First, it is good to avoid a number of things: To begin with, we must never idealize poverty and see wealth as a bad thing in itself. God is rich, not poor, and heaven will not be a place of poverty. Poverty is something to be overcome, eradicated. The poor don’t enjoy being poor. Next, we must avoid too-quickly politicizing both poverty and wealth. Our lens must always be moral rather than political, though obviously both wealth and poverty have huge political implications. Finally, before attacking the possession of wealth, we must ensure that we are free from embittered moralizing which, whatever its moral guise, is little more than envy.
What principles should guide us in terms of an attitude towards wealth?
Underlying everything else, we must always keep in mind Jesus’ warning that the possession of wealth is dangerous, that it is hard for a rich person to enter the kingdom of heaven. Moreover that warning should be a huge aid in helping us to accept some other principles:
First: The possession of wealth is not a bad thing of itself; it is how we use it and what it can do to our hearts that can be bad. Jesus makes a distinction between the generous rich and the miserly rich. The former are good because they imitate God, the latter are bad. When we are generous, particularly in a very prodigious way, riches won’t close our hearts. But the reverse is also true. All miserliness, all stinginess, all lack of generosity closes our hearts in ways that make it hard to enter the kingdom of heaven, or genuine human community to put in purely human terms.
And so the challenge for all of us who are rich in any way is to continually give our wealth away. We need to do this, not because the poor need what we give them, though they do; we need to do this so that we can remain healthy. Philanthropy, of every kind, is more about the health of the one giving than the health of the one receiving. The generous rich can inherit the kingdom, the miserly rich cannot. The poor are everyone’s ticket into heaven – and to human health.
Finally, this too must always be kept in mind as we view wealth, both our own and that of the very rich.
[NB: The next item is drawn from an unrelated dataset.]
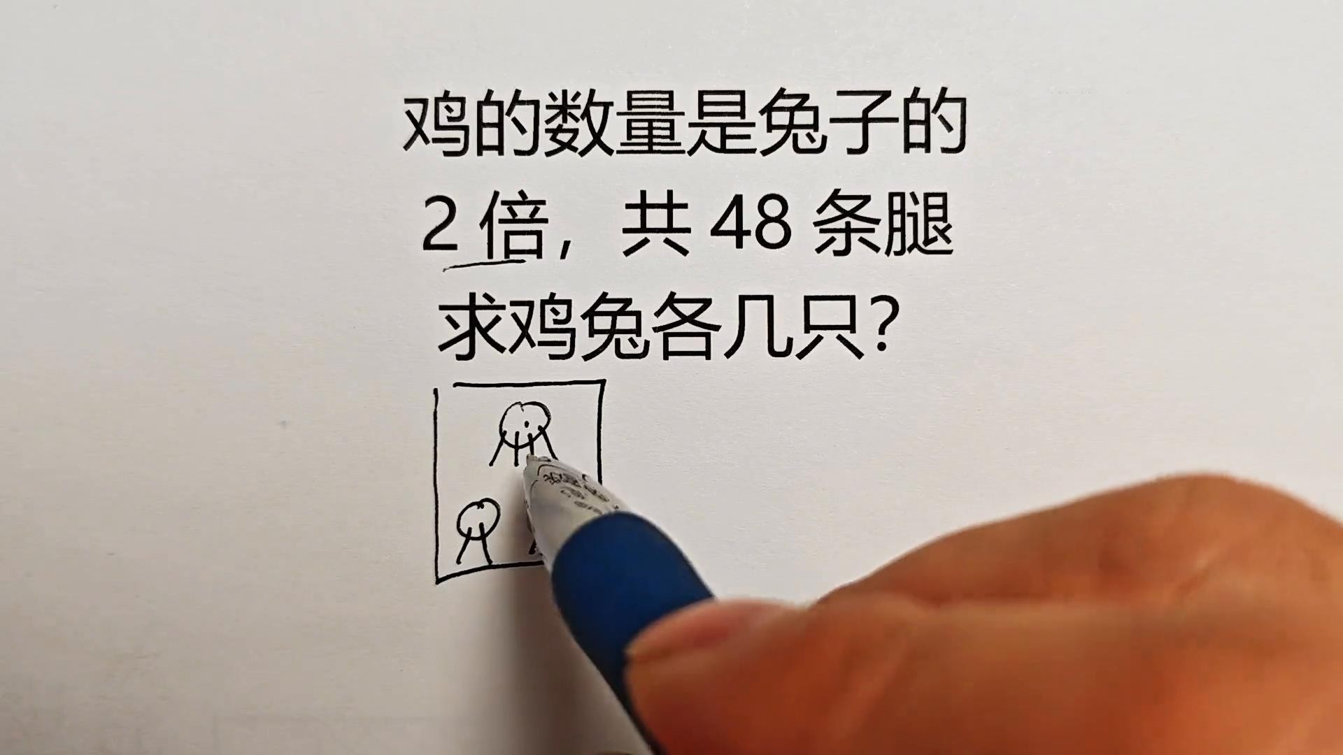 但凡看到有倍数的鸡兔同笼问题,一定使用打包法。都知道一只兔子是不是有四条腿,而一只鸡是由两条腿。根据题意说鸡的数量是兔子的二倍,这里有一只兔子是不是就得给它配上两只鸡?所以就把它打成一个包当做一个整体来看待。

What we have is not our own, it’s given to us in trust. God is the sole owner of all that is and the world properly belongs to everyone. What we claim as our own, private property, is what has been given to us in trust, to steward for the good of everyone. It’s not really ours.
Further still, we need to remember that it wasn’t just our own ingenuity and hard work that gave us what we view as our own. The fruits of our labor are also the fruits of other peoples’ labor. We too easily lose sight of that. Here’s how Bill Gates Sr. puts it: “Society has an enormous claim upon the fortunes of the wealthy. This is rooted not only in most religious traditions, but also in an honest accounting of society’s substantial investment in creating fertile ground for wealth-creation. Judaism, Christianity, and Islam all affirm the right of individual ownership and private property, but there are moral limits imposed on absolute private ownership of wealth and property. Each tradition affirms that we are not individuals alone but exist in community – a community that makes claims on us. The notion that ‘it is all mine’ is a violation of these teachings and traditions. Society’s claim on individual accumulated wealth is … rooted in the recognition of society’s direct and indirect investment in the individual’s success. In other words, we didn’t get there on our own.” (Sojourners, January-February, 2003)
Indeed, none of us did! If we remember that we will more easily be generous.